How to complete this task: An exact copy is needed of the lines in the entries below from the line with "(On The Plate)" up to and including the line with "Hallway & Bedrooms", and of nothing else. Leave the pictures out.

Extracted material:
::::::

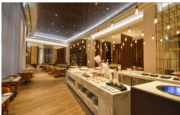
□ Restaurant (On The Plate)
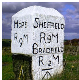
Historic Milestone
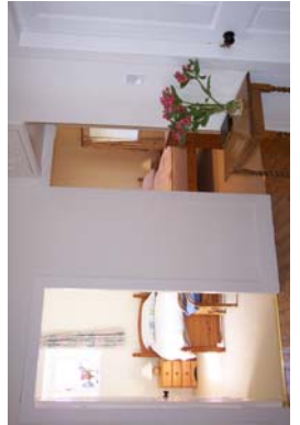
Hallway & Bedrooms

::::::

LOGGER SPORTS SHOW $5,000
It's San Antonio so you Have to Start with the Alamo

::::::

Result of this exercise:
□ Restaurant (On The Plate)
Historic Milestone
Hallway & Bedrooms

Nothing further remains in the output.